# Strap width discuss



## fv43576 (Dec 27, 2017)

Apologies if this has been asked already, I did have a search and couldn't find an answer, It will be my first time to change my two watches strap and I measure with vernier it come 16.84mm and 16.91mm, do I need 17mm or 16mm strap??? 

Thanks


----------



## ziggy1024 (Dec 18, 2017)

You need to measure the gap it fits into on the watch case - aka the 'lug width'.

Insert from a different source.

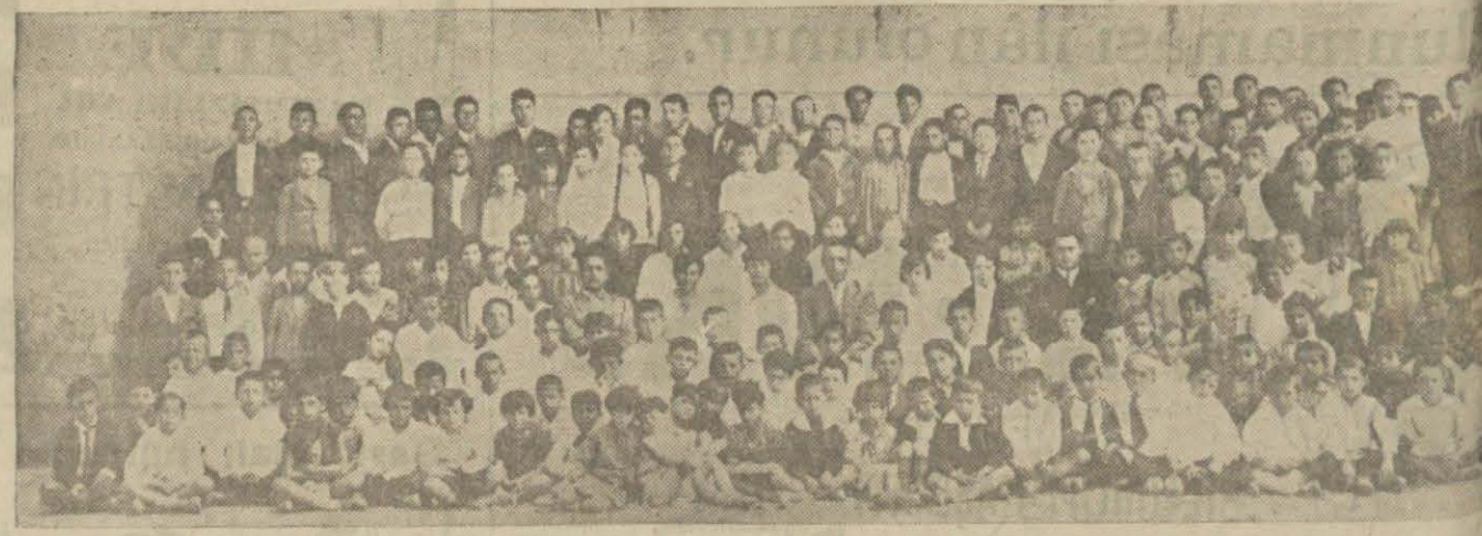
Tekirdağ Cumhuriyet mektebi talebeleri heyeti talimiyelerle birlikte

If that's what is ~16.9mm then assuming you're going for a leather or fabric strap (i.e. one with some give), very slightly too big won't be a problem. Go for a 17mm strap.


----------



## fv43576 (Dec 27, 2017)

Thanks Ziggy1024 16.84mm is for leather understood it will fit, but the 16.91mm is metal should this be 17mm risk of not fit in?


----------



## ziggy1024 (Dec 18, 2017)

Are those measurements for the old strap(s) or the watch cases?


----------



## fv43576 (Dec 27, 2017)

ziggy1024 said:


> Are those measurements for the old strap(s) or the watch cases?


 The both numbers is width on the case not the strap


----------



## ziggy1024 (Dec 18, 2017)

Curious! Have to say I've never measured a strap or a case to that level of accuracy, but I'm a bit surprised - 0.9mm is more clearance than I would have expected to find. A 16mm strap will of course fit, but I think I'd be tempted to use a 17mm and 'adjust' it if necessary.

What are the watches / any photos?


----------



## fv43576 (Dec 27, 2017)

I could not post my picture on this forum my first one is Poljot 17 jewel steel square face with a black screen and green luminous on needles is round in the 1980s and other is Slava gold round with mechanism at the back background and circular white label with number of days. Thanks for your help I appreciate it!

*

*


----------



## WRENCH (Jun 20, 2016)

fv43576 said:


> 16.91mm is metal should this be 17mm


 Depending on what type of metal bracelet you are going to use, carefully filing 0.09mm off the end links shouldn't be difficult. It equates to 0.045mm off each side.  Apologies if I'm stating the obvious.


----------



## ziggy1024 (Dec 18, 2017)

Just measured a 17mm strap (metal) that I happened to have lying around - it would indeed fit without need for any messing.


----------